Zu 3: Die Aussage von Staatssekretär Dr. Eberl trifft zu. Seit Anfang der 90er-Jahre ist bei vielen Vogelarten zu beobachten, dass sie zunehmend ihre Scheu verlieren und sogar verstädtern. Dieses Phänomen ist weltweit überall dort zu beobachten, wo Vögel, aber auch Säugetiere, z. B. in Nationalparken über längere Zeit vom Menschen nicht direkt verfolgt werden. Die Tiere sind dann in der Lage, sich in ihrem Verhalten entsprechend anzupassen und verringern die Fluchtdistanz zum Menschen bzw. zu Land- und Wasserfahrzeugen.

Zu 4: Ja. Die Methode, die tatsächliche Reaktion der Vögel auf den Schifffahrtsverkehr vom Schiff aus zu erforschen, ist theoretischen Schlussfolgerungen, die aus Literaturangaben gezogen werden, wissenschaftlich überlegen.

Zu 5: Die Staatliche Vogelschutzwarte im künftigen Landesbetrieb für Wasserwirtschaft, Küsten- und Naturschutz soll die Auswertung der vom Schiff aus gewonnenen wissenschaftlichen Erkenntnisse begutachten.

Zu 6: Die Reederei Ekkenga wird nach dem derzeitigen Kenntnisstand der Landesregierung jedes Wochenende zunächst zwei und ab Januar drei regelmäßige Fahrten über das Zwischenahner Meer anbieten. Zusätzliche Angebote sind darüber hinaus für Sonn- und Feiertage vorgesehen.

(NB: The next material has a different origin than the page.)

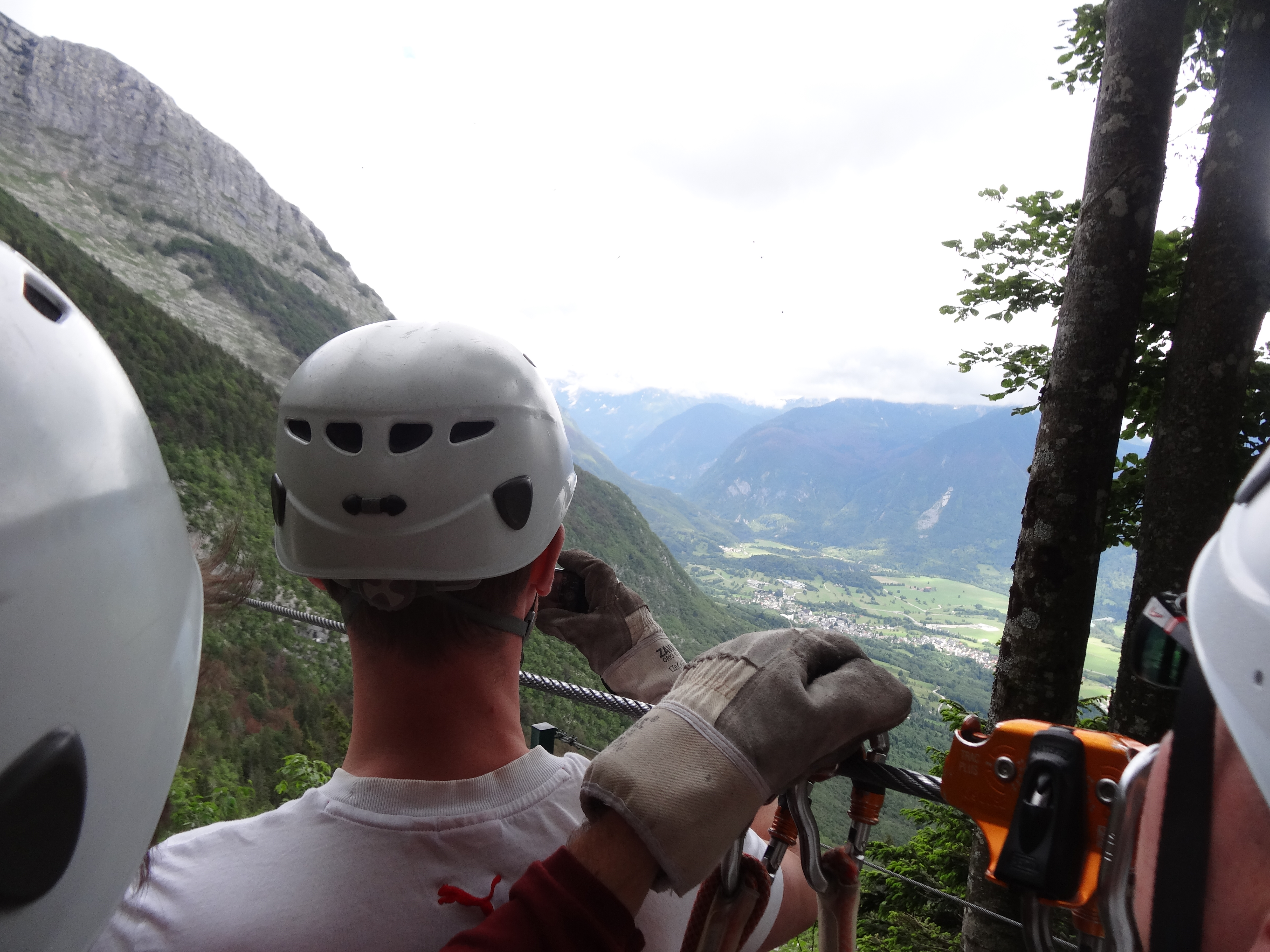 Zip line Bovec, Slovenia

Zu 7: Die Landesregierung geht davon aus, dass die Wiederaufnahme des Winterfahrbetriebs einen wirtschaftsbelebenden Faktor für die Region darstellt. Dies gilt insbesondere für den Wettbewerb, den die Landesregierung nicht für einen Verdrängungswettbewerb hält, sondern als eine Attraktivitätssteigerung ansieht. Da die Landesregierung hierfür keine Fördermittel einsetzt, handelt es sich hierbei um den erwünschten Fall der Wirtschaftsförderung durch Deregulierung. Ob es sich dabei um eine nennenswerte Belebung handelt, entscheidet die Wirtschaft vor Ort. Die Landesregierung gibt ihr hierzu die entsprechenden Möglichkeiten.